Tragiczna śmierć we wrocławskim akademiku
Tragiczne wydarzenie miało miejsce na wrocławskiej Akademii Wychowania Fizycznego. Dwójka studentów zmarła tego samego dnia w sobotę 11 grudnia. Oboje mieli zaledwie 21 lat. Nie znamy dokładnych okoliczności ich śmierci i z szacunku dla ich bliskich nie będziemy bawić się w spekulacje. Pozostaje tylko oddać pamięć zmarłym i wyrazić współczucie dla rodzin.
Kim byli zmarli studenci?
Studenci wrocławskiego AWF-u, którzy zmarli w sobotę, to Joanna i Dawid. Oboje studiowali na drugim roku i mieli 21 lat. Mężczyzna był studentem Fizjoterapii, a jego rówieśniczka Terapii Zajęciowej. Uczelnia z szacunku dla zmarłych i ich rodzin nie ujawnia przyczyn śmierci ani okoliczności. Wiemy jednak, że Dawid zmarł podczas gry w piłkę.

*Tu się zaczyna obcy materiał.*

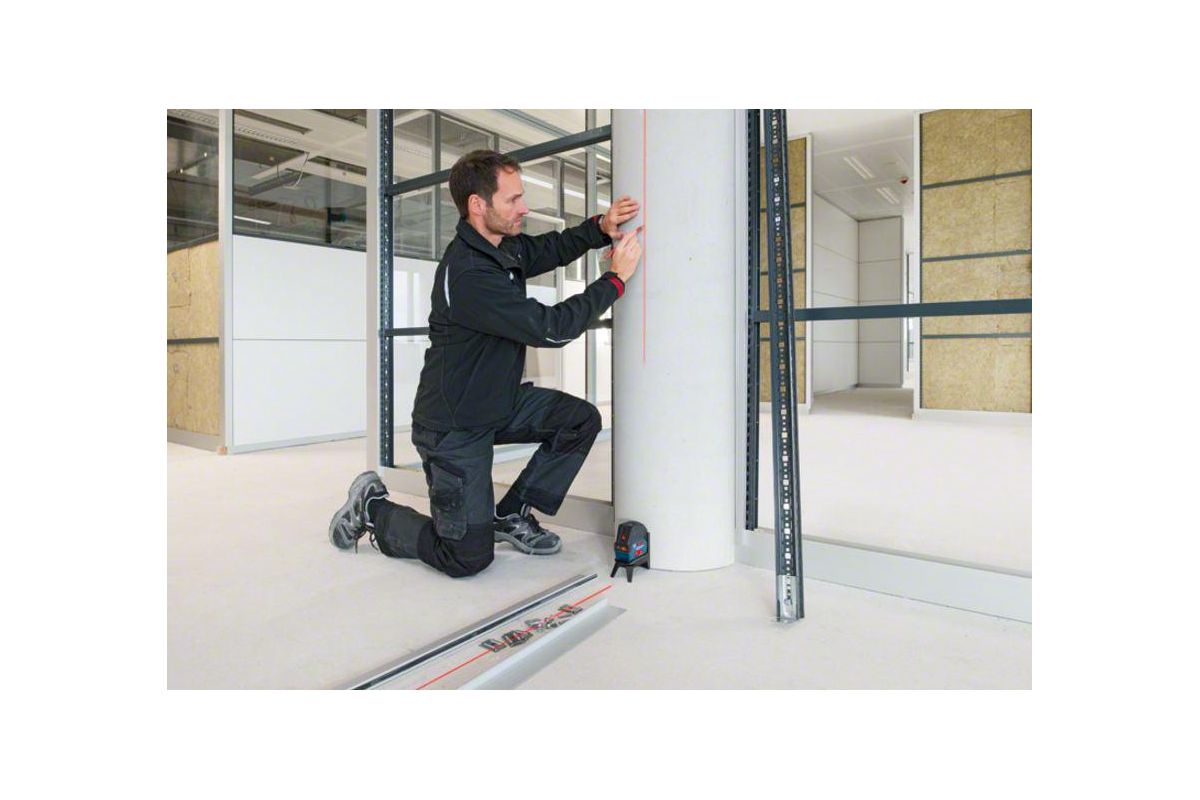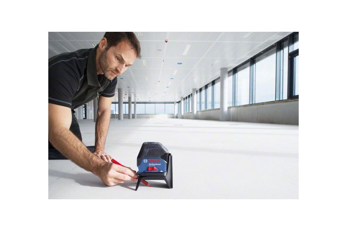 Комбинированный лазерный нивелир (линейный + точечный), проецирующий горизонтальную и вертикальную плоскости, а также 2 точки отвеса. Имеет удлиненную проекцию вертикальной линии.
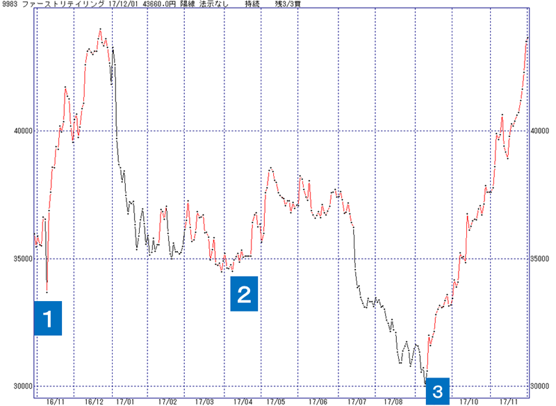 「1」のあと一時的に大きく上伸していますし、「3」では、TOPIXが“上抜き”なのに対してファストリは“下げからの急な切り返し”です。
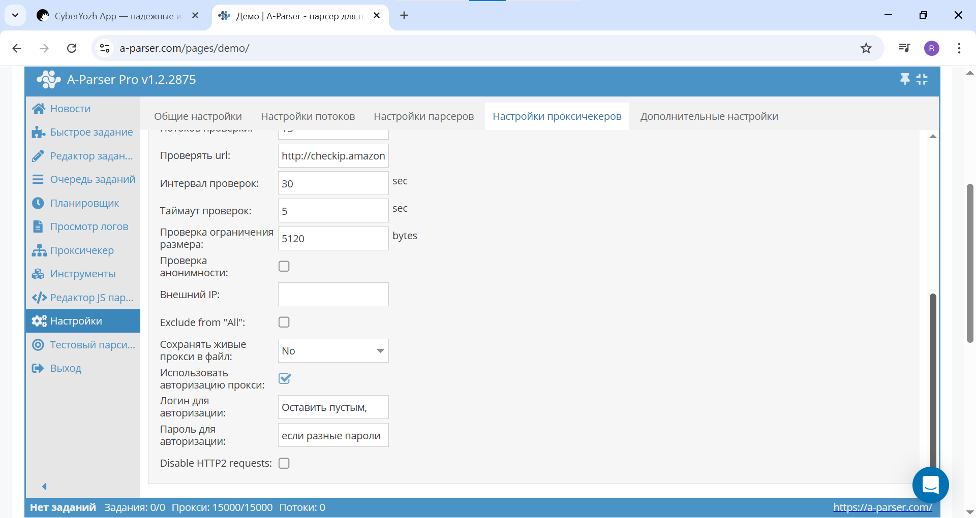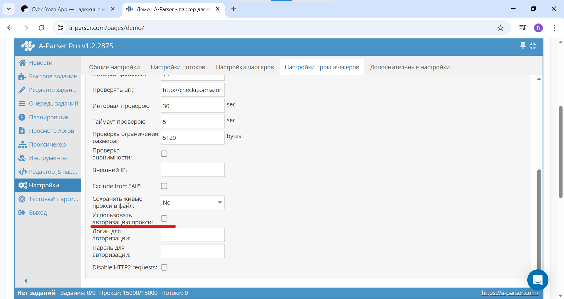 Fig. 7. Screenshot of the proxy checker settings in A-Parser, showing the activation of the "Use proxy authentication" option.

O zmarłej Joannie wspomniał ks. Mariusz Majewski, który określił ją jako osobę o wielkim sercu. Wiemy, że udzielała się charytatywnie i dażyła troską ludzi i zwierzęta.
Największa tragedia
Mało jest rzeczy, które smucą tak bardzo jak śmierć młodych osób. Zwłaszcza takich, które jeszcze przed sobą miały cały świat. Kto wie, jak wiele w życiu zawodowym i prywatnym mogli osiągnąć Dawid z Asią.